- [RECORDED DATA]:
========================
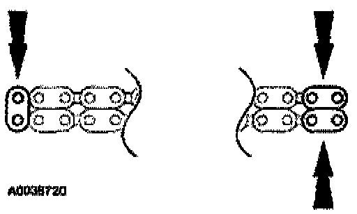 If the colored links are not visible, mark one link on one end and 2 links on the other end, and use as timing marks.
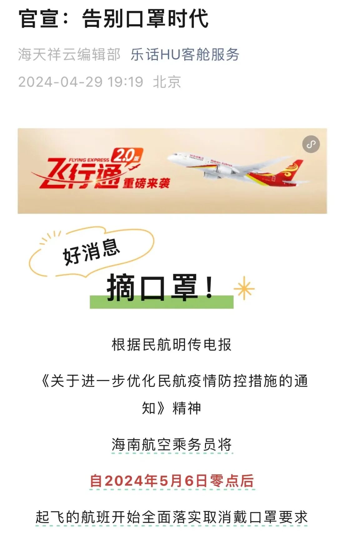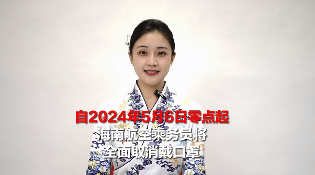 根据民航明传电报《关于进一步优化⺠航疫情防控措施的通知》,海南航空乘务员将自2024年5月6日零点后起飞的航班开始全面落实取消戴口罩要求:
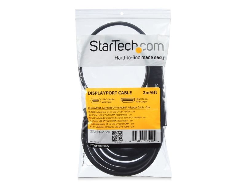 Denna USB-C till HDMI-kabeladapter är en praktisk lösning för att direkt ansluta din DisplayPort över USB Type-C-enhet till din HDMI-skärm, -TV eller -projektor. Adaptern stöder ett anslutningsavstånd på upp till 2 m och fungerar med USB-C-enheter med stöd för DP alt-läge, som till exempel MacBook, ChromeBook Pixel och Dell XPS-modeller 15 och 13. Den är dessutom kompatibel med Thunderbolt 3-portar. Trasselfri installation Med en längd på 2 m ger denna kabeladapter en direkt anslutning som eliminerar överflödiga adaptrar och kablar för att garantera en städad och professionell installation. För kortare installationer har vi dessutom en 1 m USB-C till HDMI-kabel, så att du kan välja rätt kabellängd för dina behov. Problemfri anslutning med USB Type-C Kabeladaptern är enkel att ansluta genom den mångsidiga och behändiga USB Type-C-porten på din enhet. USB-C är en vändbar kontakt så det spelar ingen roll hur du kopplar in den, adaptern kommer alltid att ansluta. Det besparar dig frustrationen av att försöka koppla in den korrekt när du dockar din dator till din arbetsstation eller hot desk på kontoret. Enastående bildkvalitet Du kommer att förundras över bildkvaliteten från en 4K-skärm eller -TV med fyra gånger högre upplösning än 1080p. Med denna kabeladapter kan du utnyttja videofunktionerna som är inbyggda i din USB Type-C-anslutning för att ge enastående Ultra HD-kvalitet till din 4K-skärm. Adaptern är bakåtkompatibel med 1080p-skärmar för att garantera att adaptern även fungerar med HD-applikationer i hemmet eller på kontoret. CDP2HDMM2MB täcks av StarTech.coms 3-årsgaranti och gratis livstidsgaranti på teknisk support. Obs.: Din USB-C-utrustade enhet måste ha stöd för video (DP Alt Mode) för att fungera med denna adapter.
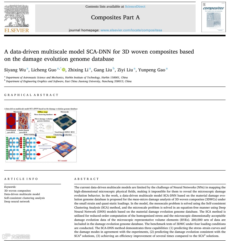 该论文发现了一个关于三维编织复合材料(3DWC)多尺度损伤演化高效预测的真问题。该问题的核心硬挑战在于现有数据驱动多尺度模型无法捕获微观高维损伤场。为攻克此挑战,作者提出了基于自洽聚类分析(SCA)的损伤基因组压缩与深度神经网络(DNN)耦合的SCA-DNN框架。该方法取得了与实验吻合的应力-应变曲线预测及微观损伤演化重构的强效果,最终凝练出"微观物理场维度压缩是AI驱动材料损伤建模的关键"的新见解。
========================
- [REQUIRED ACTION]:
From the first line to the last, transcribe the listing exactly; skip the pictures.

- [SOLUTION TO THIS EXERCISE]:
 If the colored links are not visible, mark one link on one end and 2 links on the other end, and use as timing marks.
 根据民航明传电报《关于进一步优化⺠航疫情防控措施的通知》,海南航空乘务员将自2024年5月6日零点后起飞的航班开始全面落实取消戴口罩要求:
 Denna USB-C till HDMI-kabeladapter är en praktisk lösning för att direkt ansluta din DisplayPort över USB Type-C-enhet till din HDMI-skärm, -TV eller -projektor. Adaptern stöder ett anslutningsavstånd på upp till 2 m och fungerar med USB-C-enheter med stöd för DP alt-läge, som till exempel MacBook, ChromeBook Pixel och Dell XPS-modeller 15 och 13. Den är dessutom kompatibel med Thunderbolt 3-portar. Trasselfri installation Med en längd på 2 m ger denna kabeladapter en direkt anslutning som eliminerar överflödiga adaptrar och kablar för att garantera en städad och professionell installation. För kortare installationer har vi dessutom en 1 m USB-C till HDMI-kabel, så att du kan välja rätt kabellängd för dina behov. Problemfri anslutning med USB Type-C Kabeladaptern är enkel att ansluta genom den mångsidiga och behändiga USB Type-C-porten på din enhet. USB-C är en vändbar kontakt så det spelar ingen roll hur du kopplar in den, adaptern kommer alltid att ansluta. Det besparar dig frustrationen av att försöka koppla in den korrekt när du dockar din dator till din arbetsstation eller hot desk på kontoret. Enastående bildkvalitet Du kommer att förundras över bildkvaliteten från en 4K-skärm eller -TV med fyra gånger högre upplösning än 1080p. Med denna kabeladapter kan du utnyttja videofunktionerna som är inbyggda i din USB Type-C-anslutning för att ge enastående Ultra HD-kvalitet till din 4K-skärm. Adaptern är bakåtkompatibel med 1080p-skärmar för att garantera att adaptern även fungerar med HD-applikationer i hemmet eller på kontoret. CDP2HDMM2MB täcks av StarTech.coms 3-årsgaranti och gratis livstidsgaranti på teknisk support. Obs.: Din USB-C-utrustade enhet måste ha stöd för video (DP Alt Mode) för att fungera med denna adapter.
 该论文发现了一个关于三维编织复合材料(3DWC)多尺度损伤演化高效预测的真问题。该问题的核心硬挑战在于现有数据驱动多尺度模型无法捕获微观高维损伤场。为攻克此挑战,作者提出了基于自洽聚类分析(SCA)的损伤基因组压缩与深度神经网络(DNN)耦合的SCA-DNN框架。该方法取得了与实验吻合的应力-应变曲线预测及微观损伤演化重构的强效果,最终凝练出"微观物理场维度压缩是AI驱动材料损伤建模的关键"的新见解。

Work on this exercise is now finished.